If Reagan and the Bushes had not let the debt outrun GDP, the national debt would now be $9.2 Trillion lower. That's not much to ask since every other president from 1946 to 2009 actually held the debt to less than GDP growth.
To phrase the question most clearly: What would the debt be now if Reagan and the two Bushes had held the debt to a constant percent of GDP during their budget years?
If we answer that, it is a simple matter to subtract it from the actual debt, and find out how much debt was caused by their mishandling of federal budgets -- taxes and spending.
Reagan took office in Jan 1981, but Carter's last budget continued until Sept 30. Buy July, Reagan had passed his Fiscal-Year 1982 budget, which took effect on October 1, 1981. In the twelve years (covering Reagan and G.W.H. Bush) from FY'81 to FY'93 the dollar GDP increased by 115%.

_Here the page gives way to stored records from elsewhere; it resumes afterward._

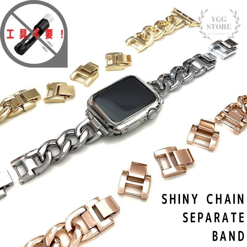 > 【調節工具不要】applewatch アップルウォッチ チェーン セパレート シャイニー バンド シルバー 38 40 41 series 9 8 7 6 5 4 3 SE
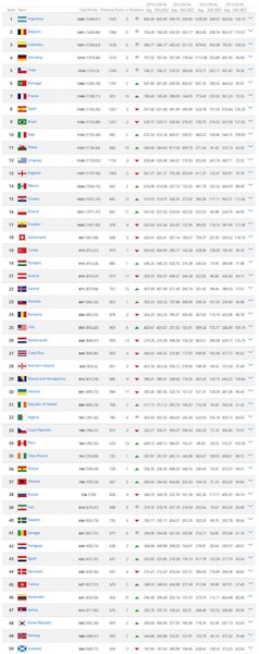 Первая пятерка рейтинга не претерпела изменений. На первом месте по-прежнему находится сборная Аргентины, далее следуют Бельгия, Колумбия, Германия и Чили.
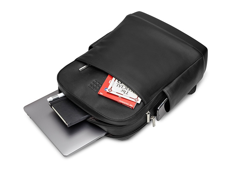 美しい艶感のレザーを使用したモバイルワーカー向けバックパック。モレスキンの伝説的ノートブックのクリーンな外観と雰囲気を踏襲してデザインされています。1日の仕事に必要なすべての物を整理して持ち運べるポケット複数を備えた、有能なトラベルパートナーにもなります。PC用とそれ以外の持ち物を分けて入れられる2ルーム仕様。調整可能なバックパックストラップと通気性の良いエアーメッシュを使用した背面。モレスキンノートブック専用ポケット、ペンホルダー、名刺ポケット、貴重品用ファスナーポケットを内蔵しています。
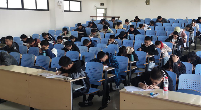 下午13:45,监考人员组织考生入场并按序号坐在指定位置。考试开始前,考生将手机、笔记本等违规物品放到指定位置,随后,监考人员强调考场纪律。14:00整,考试正式开始。考试期间,考场安静,气氛严肃,监考人员认真负责,精力集中,考生沉着冷静,遵守考场纪律。考试结束后,监考人员收取试卷并交于判卷人员,考生们有序退场。本次考试的试卷将由判卷人员认真批改,最终分数统计后将发给各班学习委员,并由学委将试卷返还到个人。
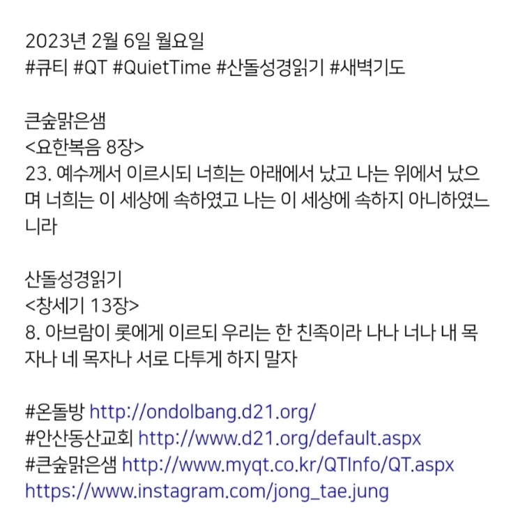 2023년 2월 6일 월요일 #큐티 #QT #QuietTime #산돌성경읽기 #새벽기도 큰숲맑은샘 <요한복음 8...

If Reagan and GHW Bush had limited the dollar debt growth to that dollar GDP growth, the debt would have increased from $995 to $2,144 billion. But it actually increased to $4,351B, so the excess increase, for which we hold them responsible, was $2,207B. Of course Reagan claimed he would have the dollar debt going down, not up, by his forth year and thereafter.

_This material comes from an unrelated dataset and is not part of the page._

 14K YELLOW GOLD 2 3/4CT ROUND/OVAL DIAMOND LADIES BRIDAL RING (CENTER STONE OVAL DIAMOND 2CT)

Without the extra $2,207B in debt there would have been less interest paid. Paying this interest slowed Clinton's progress against the debt. So to find out how much lower the debt could have been, we must add this interest to the Reagan-Bush debt. That interest compounded annually and averaged 6.56%. It increased their debt to $3,668B.
Since the actual debt was $5767B at that time, subtracting the Reagan-Bush debt shows it would have been only $2,101 without their debt surges. That would have been only 20.4% of GDP.
Now, as with Reagan and GHW Bush we assume that GW Bush should have kept debt at the same percent (20.4%) of GDP -- remember, Clinton reduce it 10%.
During GW Bush's terms, dollar GDP increased on 39%, so he should have held the debt to a 39% increase. It is important to remember our question: What would the debt be now if ...? So we take what the debt would have been just before GW Bush, in FY 2001, and escalate it by 39%. The result is $2,926B.
But the actual debt at the end of GW Bush's last budget year was $11,876B. From that we must subtract Obama's stimulus spending before Sept. 30, 2001. That was $36B. So at that time the Reagan-Bushes debt was $8,914.
The interest rate on the debt since then has been 3.3%, so their debt has now (Sept. 30, 2010) grown to $9,206B.